Drosera tentaculata
Range: Cadeia do Espinhaco highlands, Brazil
This Latin American species is a mountain endemic with a disjunct distribution, found from the Serra do Cipo to Itacambira in Minas Gerais and also further north in the Diamantina Plateau in Bahia. Plants grow at 800-1600 meters in elevation in white sand and quartz or sandy peat soils in sandstone cracks or thin soil sheets that dry in winter, rarely in perennially wet locations.
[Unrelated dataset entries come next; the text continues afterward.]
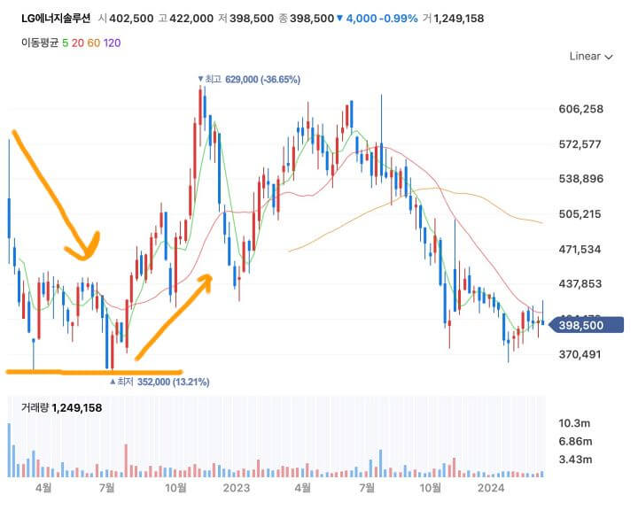LG에너지설루션 주봉 차트입니다. 위의 두산로보틱스와는 다르게 주봉 기준으로 꽤 장기간 상장 첫날 가격보다 아래에 있는 차트 봉을 확인하실 수 있습니다.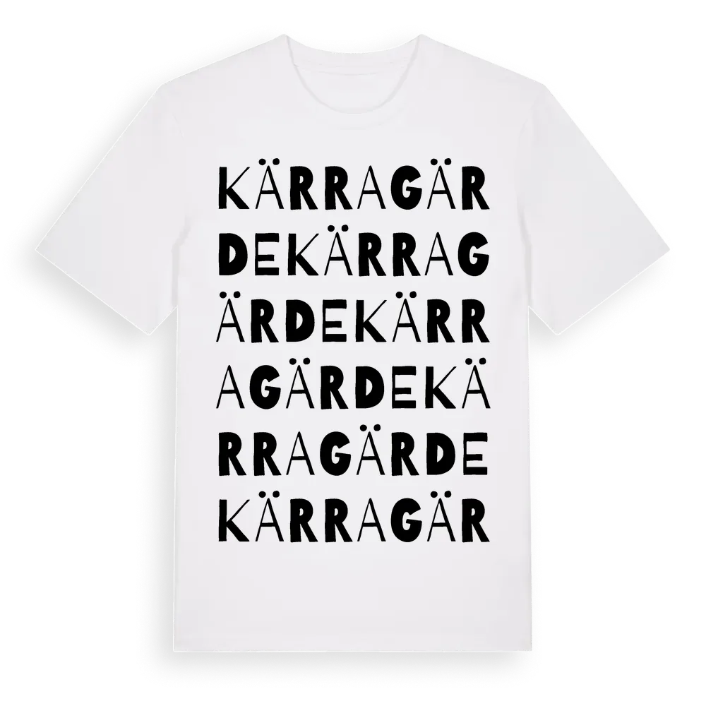 Kärragärde ordlek t-shirt är inspirerad av Kärragärde i Västra Götalands län, Sverige. Tröjan är designad för dig som har en speciell koppling till platsen – oavsett om du bor här, har rötterna här eller bara älskar Kärragärde.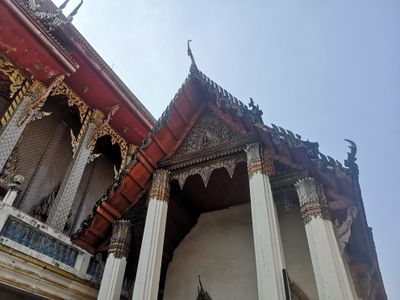 The temple complex is accessible via boat tours departing from Taling Chan floating market or by motorcycle through Soi Wat Thong Bang Chueak Nang.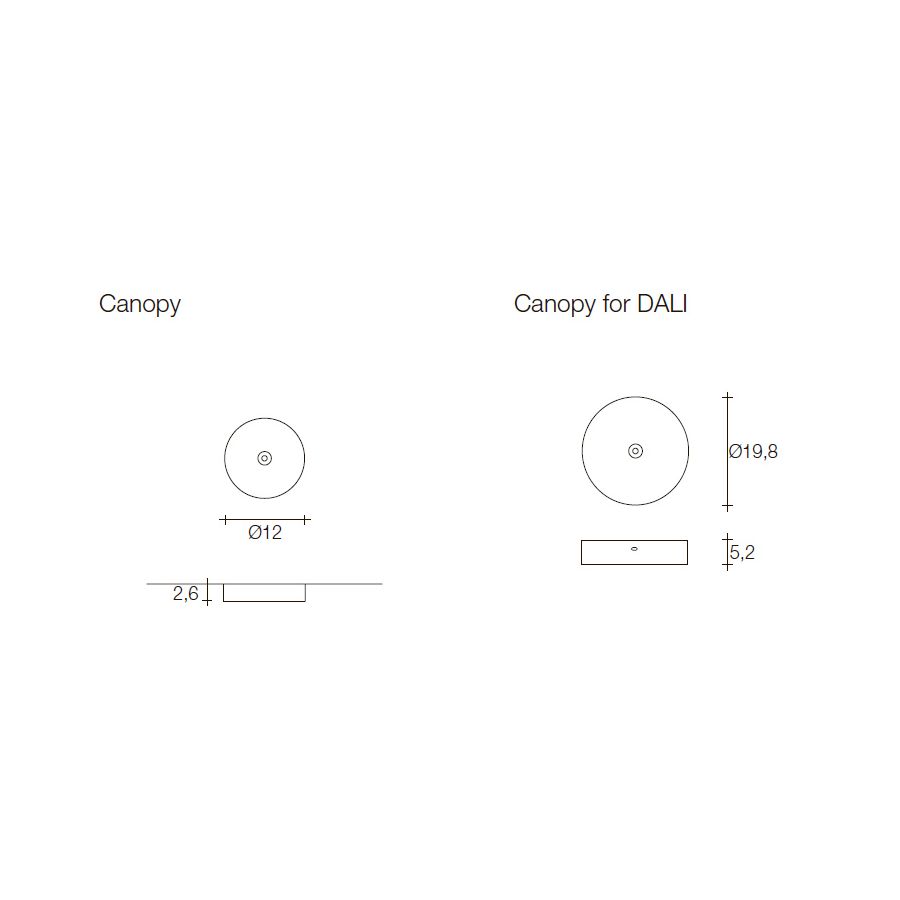Väggdosans storlek: Ø 12 x H 2,6 cm (Ø 19,8 x H 5,2 cm för dali) / inch.: Ø 4.7" x 1"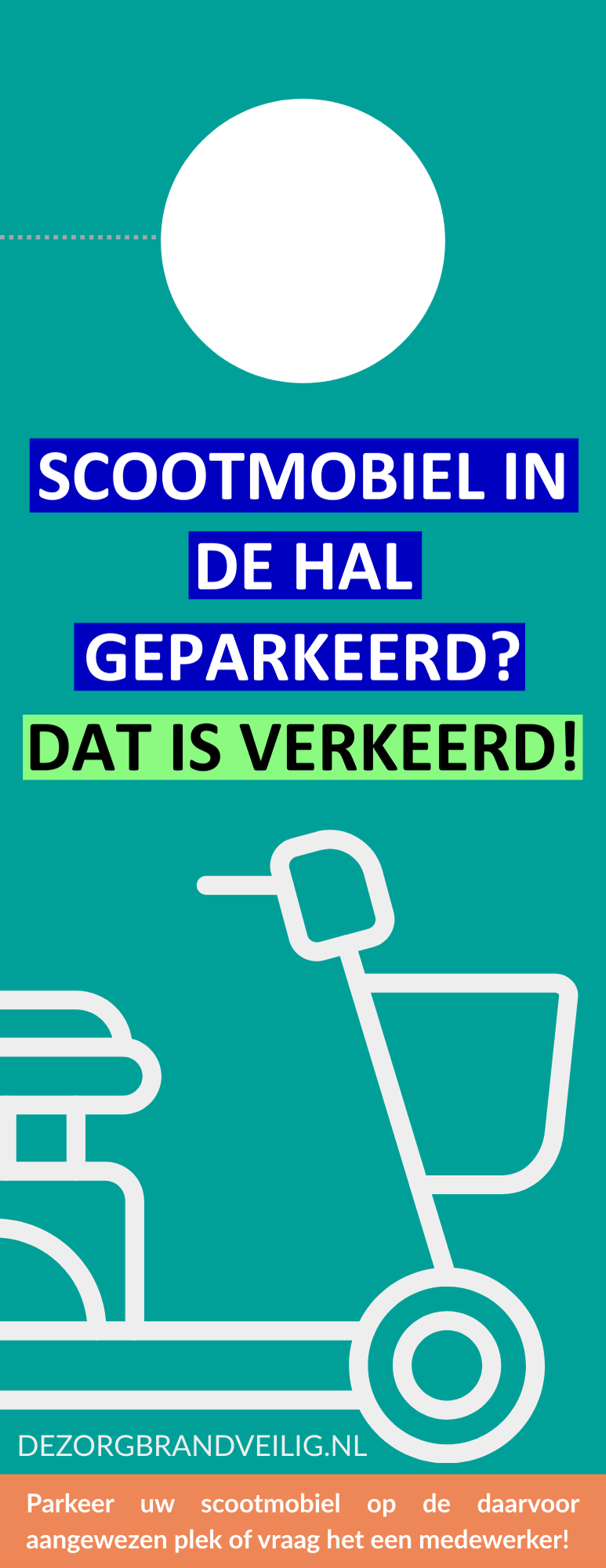 Vaak worden scootmobielen in vluchtroutes geparkeerd. Hoewel dit natuurlijk praktisch is, levert het risico’s op voor de brandveiligheid. Ook is het in veel gevallen niet toegestaan. Om hier op een duidelijke manier aandacht voor te vragen, bestaat er een deurhanger voor scootmobielen.

Specimens may develop stems to 2.5 cm tall, topped by rosettes to typically only 3 cm across, rarely larger in wet locations, with flat rosettes of obovate to cuneate leaves. The short petiole is broad and tapered, with sparse hairs on the back, and the lamina is more rounded to wedge-shaped with fewer to no hairs, the edges adorned by distinctly lengthy snap tentacles. Color is anywhere from green with red tinged tentacles to solid wine red, depending on the light intensity; commonly plants look nearly bicolored with green petioles and orange-red lamina. Scapes may reach 16 cm tall and are densely covered in small red glands, bearing up to 8 blooms. Flowers are up to 1.8 cm in diameter, with broadly obovate light to deep pink blooms. This species is easily distinguished from its relatives by its manner of leaf unfurling (folded rather than circinate) and large marginal tentacles (a trait only seen so far in D. sessilifolia in South America).
Cultivation: grow in a 2:1 peat/sand soil, kept very moist to wet but well aerated and humid, with temps of 65-80°F daytime, cooler at night, throughout the year. If plants begin to slow in growth, let pot dry to just damp for a few months to promote flowering. Sow seeds on soil surface, and grow in strong artificial light to full sun.
Lifespan and reproduction: perennial. Reproduces through seed and occasional division, and can be grown through leaf or root cuttings.